Collectively, the results validate the UFMicro as a practical and effective media exchange solution for shear-sensitive cell cultures. Its ability to support robust differentiation while streamlining processing positions it as a valuable tool for advancing iPSC-based therapies toward scalable, commercially viable manufacturing platforms.
Conclusion
As iPSC-derived therapies gain momentum and move toward commercialization, the need for gentle, closed-system processing technologies becomes increasingly critical to preserve cell integrity and ensure consistent differentiation outcomes. This study demonstrates that the UFMicro single-use centrifuge enables efficient media exchange while maintaining aggregate morphology and supporting robust hematopoietic differentiation.

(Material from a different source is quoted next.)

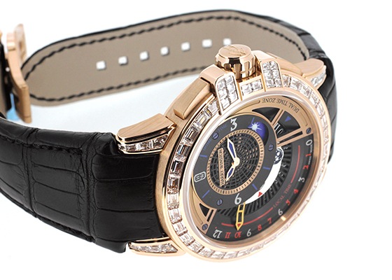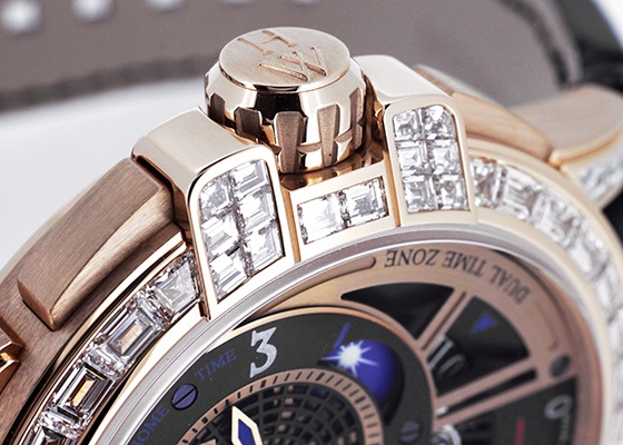 また、リューズによるクラッチ連結遮断機能を搭載。これによってレトログラードを両方向に回転することが可能となり、時差修正を瞬時に行うことが出来ます。

The system’s low-shear, automated design reduces the risks associated with open, manual methods and aligns with GMP manufacturing standards. By delivering consistent performance across extended protocols, the UFMicro addresses key bottlenecks in iPSC processing, particularly in media exchange and aggregate handling.
These findings position the UFMicro as a practical solution for integrating gentle cell handling into scalable workflows, offering the cell therapy industry a path toward more efficient, standardized, and commercially viable manufacturing platforms.